Required action | Exactly the lines from the one containing "Anillo corazón zircón rubí plata 925 Amen" through the final line of the data below, with pictures omitted, make up the answer.

Entries shown |
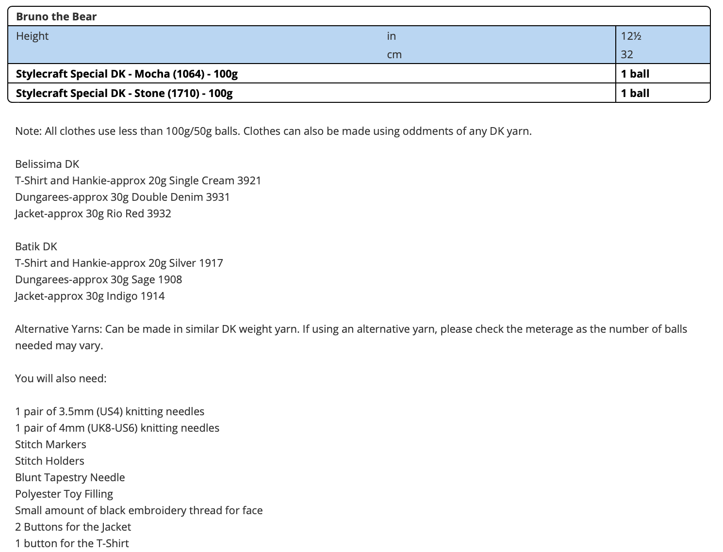 Zoom icon Click to expand Tap to zoom Chevron down icon Chevron down icon Stylecraft Pattern 9670 Bruno the Bear in DK Save 0% €4,50 | / Availability: Translation missing: en.general.icons.icon_check_circle icon Only 4 left! 1 2 3 4 5 6 7 8 9 10+ Quantity Chevron down icon Quantity Add to cart Spinner icon This item is a recurring or deferred purchase. By continuing, I agree to the cancellation policy and authorize you to charge my payment method at the prices, frequency and dates listed on this page until my order is fulfilled or I cancel, if permitted. Notify me when back in stock Email address Email me when available Stylecraft Knitting pattern 9670 Bruno the Bear in DK
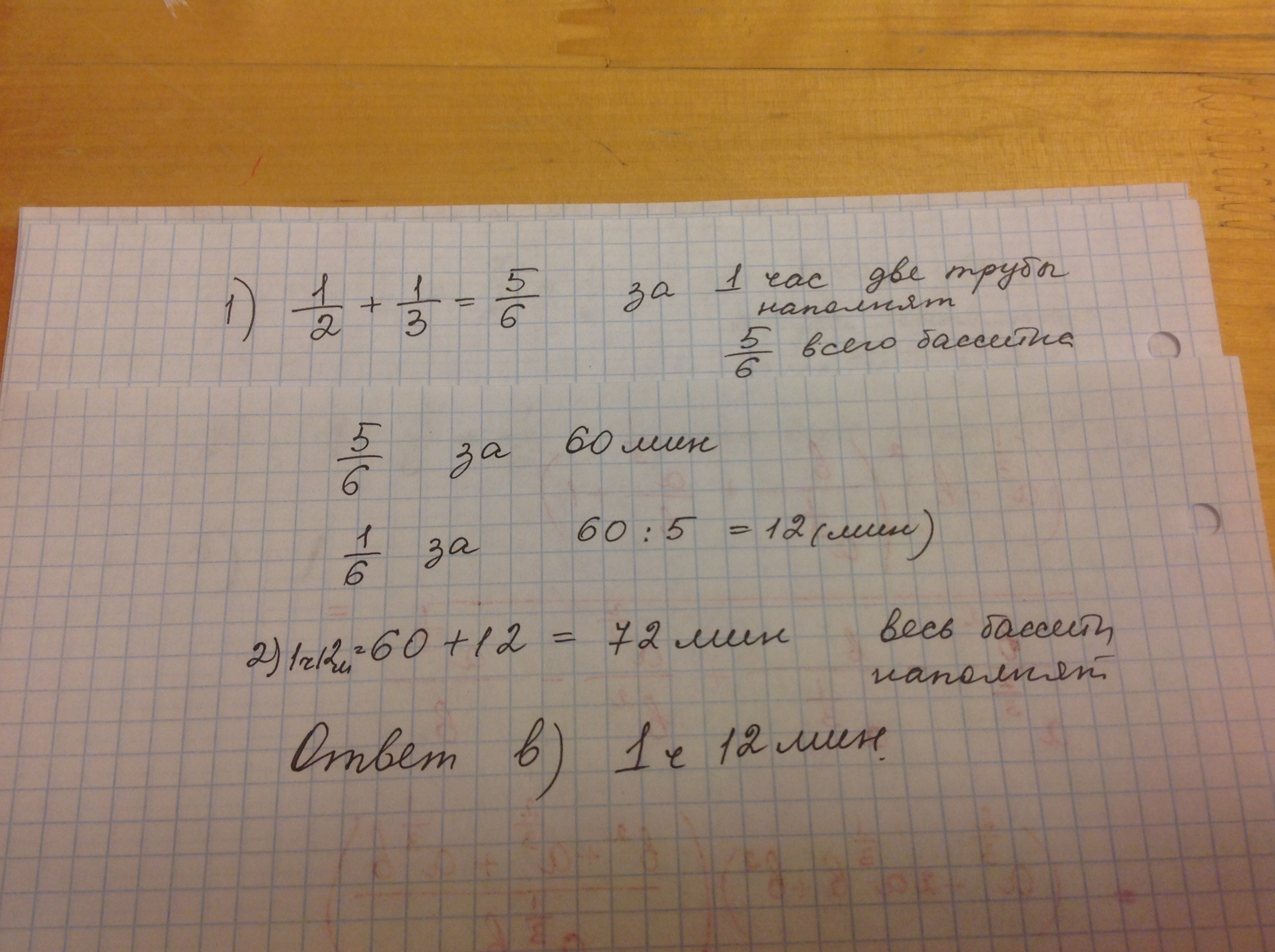 каждый час труба наполняет 1/2 бассейна, а вторая 1/3 бассейна. За какое время обе трубы наполнят бассейн.
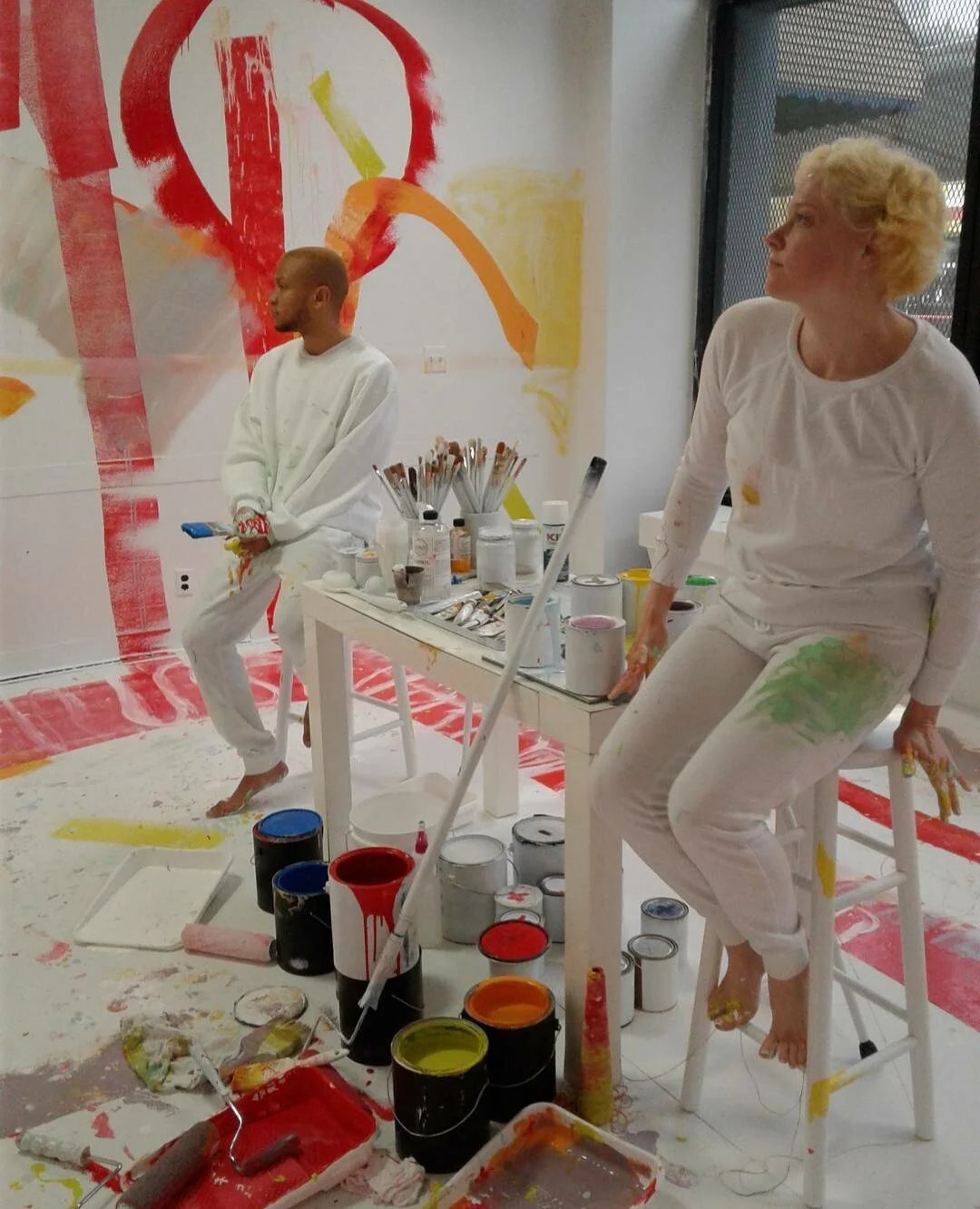 The two artists took turns, creating one mark per turn. For each artist the choice of material, and tool will be made by the other artist. During a turn, one artist considered what they would like the next mark to be, prepared a tool (example, load a paintbrush with paint), then hand it to the other artist to create the mark.
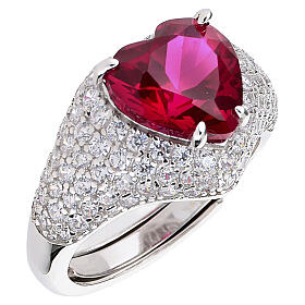Anillo corazón zircón rubí plata 925 Amen
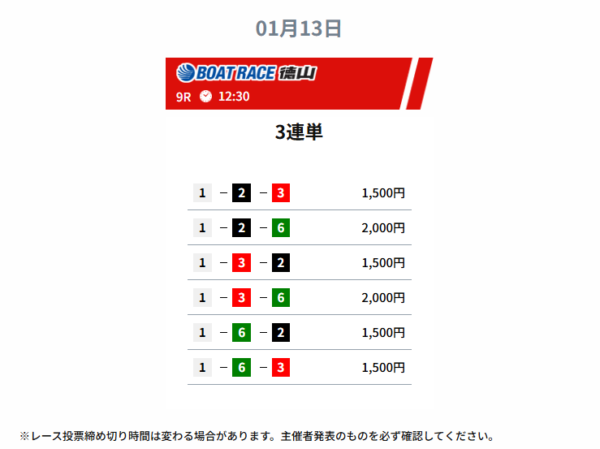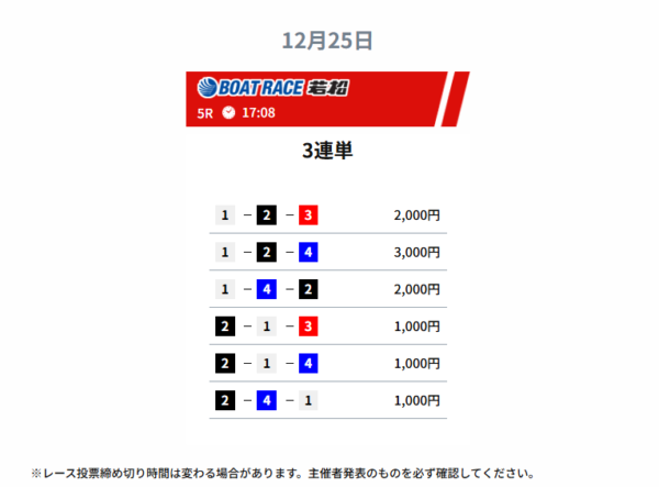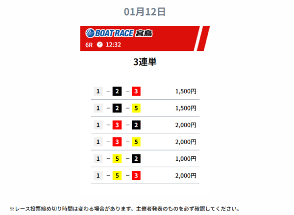 - 2レース目の払戻金は、35,300円×11.2=395,360円で的中実績と一致

Written answer |
Anillo corazón zircón rubí plata 925 Amen
 - 2レース目の払戻金は、35,300円×11.2=395,360円で的中実績と一致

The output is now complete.